Photo: China Eco-City Academy (CECA)

At the invitation of the 2nd Horticultural Show of Hubei Province, a garden designed in the French style by the CSTB was inaugurated on September 28, 2019, in Jingzhou, China, in the presence of Rudolph Girault, representative of the General Consulate of France in Wuhan. A total of 43 gardens were planted using innovative approaches, techniques and materials. The CSTB presented a garden model incorporating a small-scale natural water treatment system, as an example of the technique the CSTB is proposing in the eco-city project, and which could be used full scale to clean up Lake Jingzhou.
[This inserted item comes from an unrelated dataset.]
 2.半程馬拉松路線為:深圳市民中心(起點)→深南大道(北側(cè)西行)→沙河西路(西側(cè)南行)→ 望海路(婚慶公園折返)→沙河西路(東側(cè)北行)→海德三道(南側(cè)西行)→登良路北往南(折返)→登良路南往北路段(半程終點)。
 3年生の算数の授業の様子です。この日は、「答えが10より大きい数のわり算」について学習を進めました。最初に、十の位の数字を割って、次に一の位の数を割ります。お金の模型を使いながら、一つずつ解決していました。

Jingzhou is one of five cities that have benefited from the Sino-French Eco-cities program, developed jointly by the CSTB, the China Eco-City Academy (CECA) and the Chinese Society for Urban Studies (CSUS). It received the Eco-City Prize in Zhuhai in April 2018 and HQE development certification. The city is bordered by a heavily polluted river and lake.
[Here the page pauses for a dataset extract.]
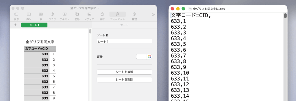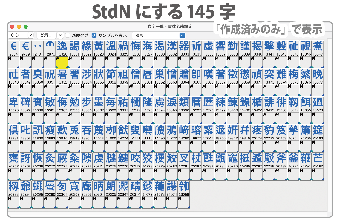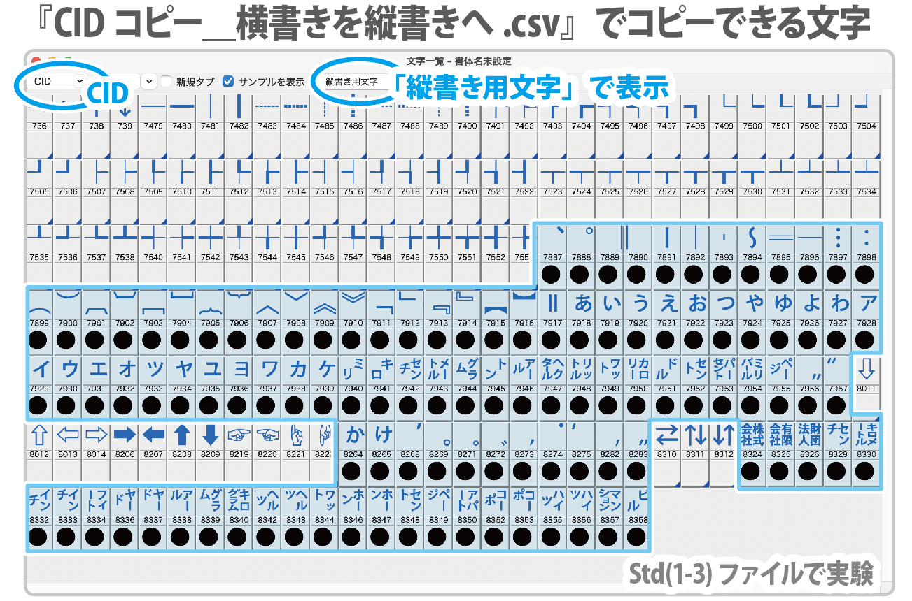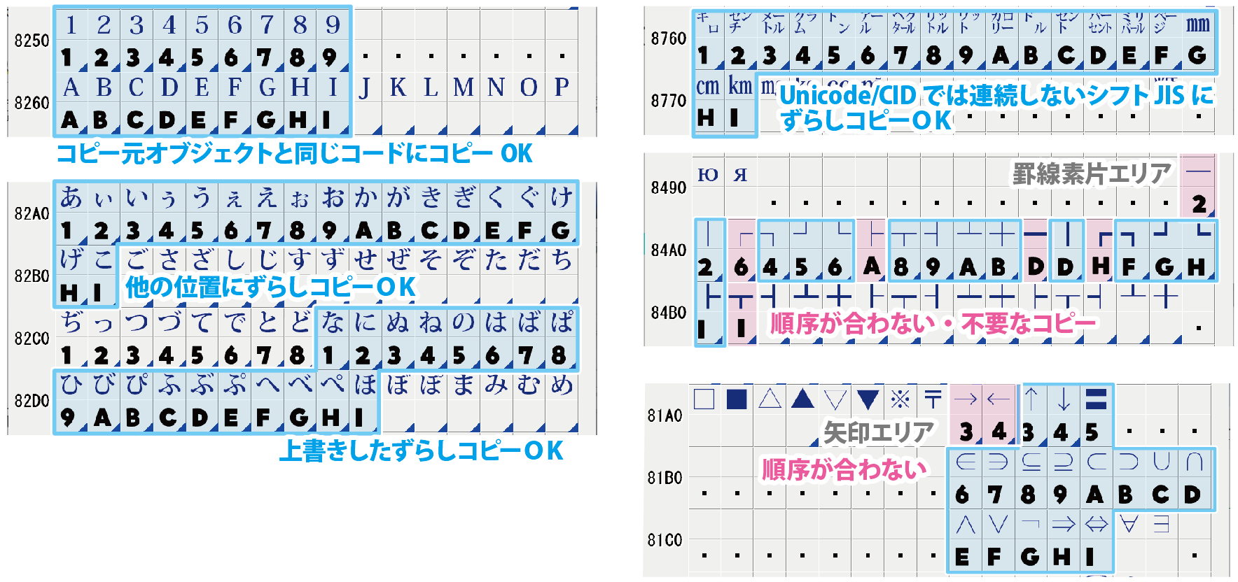 ※シフトJISでは連番でもUnicodeやCIDでは連番ではないことがあります。文字一覧パネルの表示を注意。

Against this background, the city of Jingzhou and the CECA asked the CSTB to design this French garden for the show. CSTB experts offered a 1600-m² ecological garden using natural water treatment techniques, specifically the lagoon techniques that the CSTB developed for the cleanup of the lake as part of the Sino-French Eco-cities program. Polluted water is pumped from the river to the overlooking garden, fed into three cascading ponds where purifying plants grow, and finally returned, cleaned, to the river.

While developing the ecological solution, the CSTB created geometric garden beds and cascades that suggest traditional French gardens, providing a glimpse of the aesthetic ideal of another era. Trimmed hedges were replaced with beds of moss and recycled materials: crushed brick and wood chip waste.
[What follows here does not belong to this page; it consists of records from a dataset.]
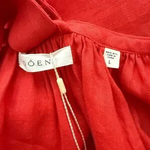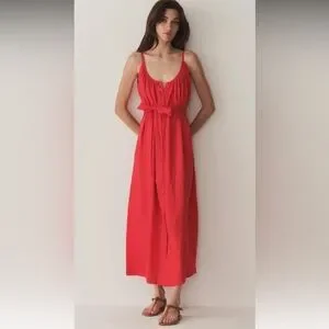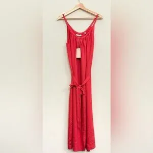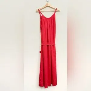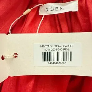 NWT DÔEN Nevita Linen Belted Midi Dress in Scarlett Size L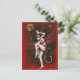 Diese Postkarte ist illustriert mit einem Vintagen Set der Teufel Lady vor einem roten Hintergrund mit einem gotischen Schädelmond und Sternen.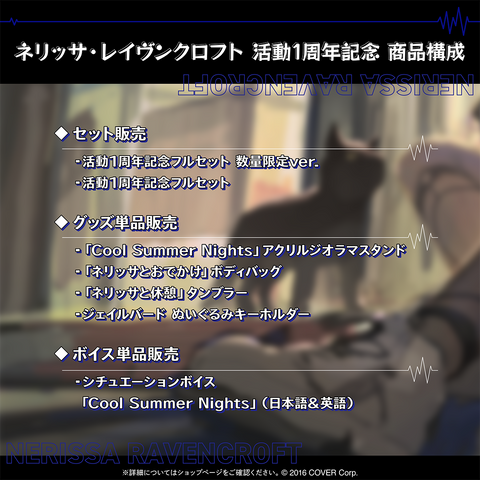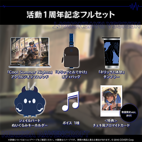 This is the limited edition of the complete set of merch items to celebrate the 1st anniversary of Nerissa Ravencroft.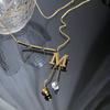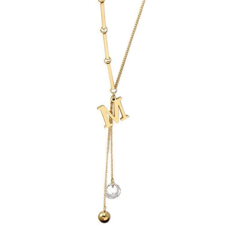 81112 letter diamond tassel necklace gold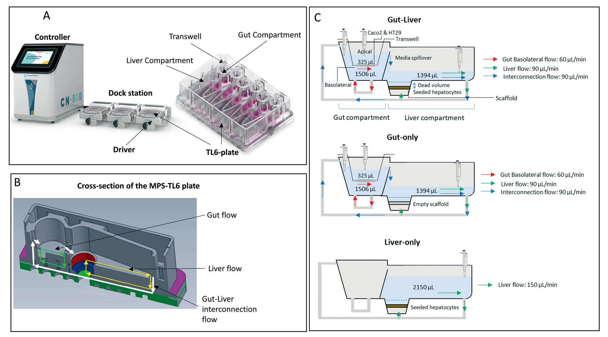 该板与CN Bio的PhysioMimix多器官实验室台式仪器兼容,由六个孔组成,每个孔有两个腔室,一个Transwell屏障模型,一个肝脏模型(图 2-A)。液体流速可以在每个腔室,以及从肝脏腔室到transwell屏障腔室中互连通道中,独立控制。肠道屏障模型是由肠上皮细胞和杯状细胞混合培养在一个通透的Transwell 薄膜上(图 2-B)。三种实验系统的腔室、培养基体积和流速以及采样点如图所示(图 2-C)。

The garden is embellished with a high wooden boardwalk for a panoramic view of the vast site and the surrounding landscape. And a cafe was constructed at the entrance of the garden, with photovoltaic panels on its roof. The passive-energy building is proposed by the CECA.

Although the gardens built for the Horticultural Show of Hubei Province are temporary, the garden designed by the CSTB will remain and likely open to the public at the end of the event to demonstrate the salvage of construction site materials and techniques for the natural cleanup of stormwater, rivers and lakes.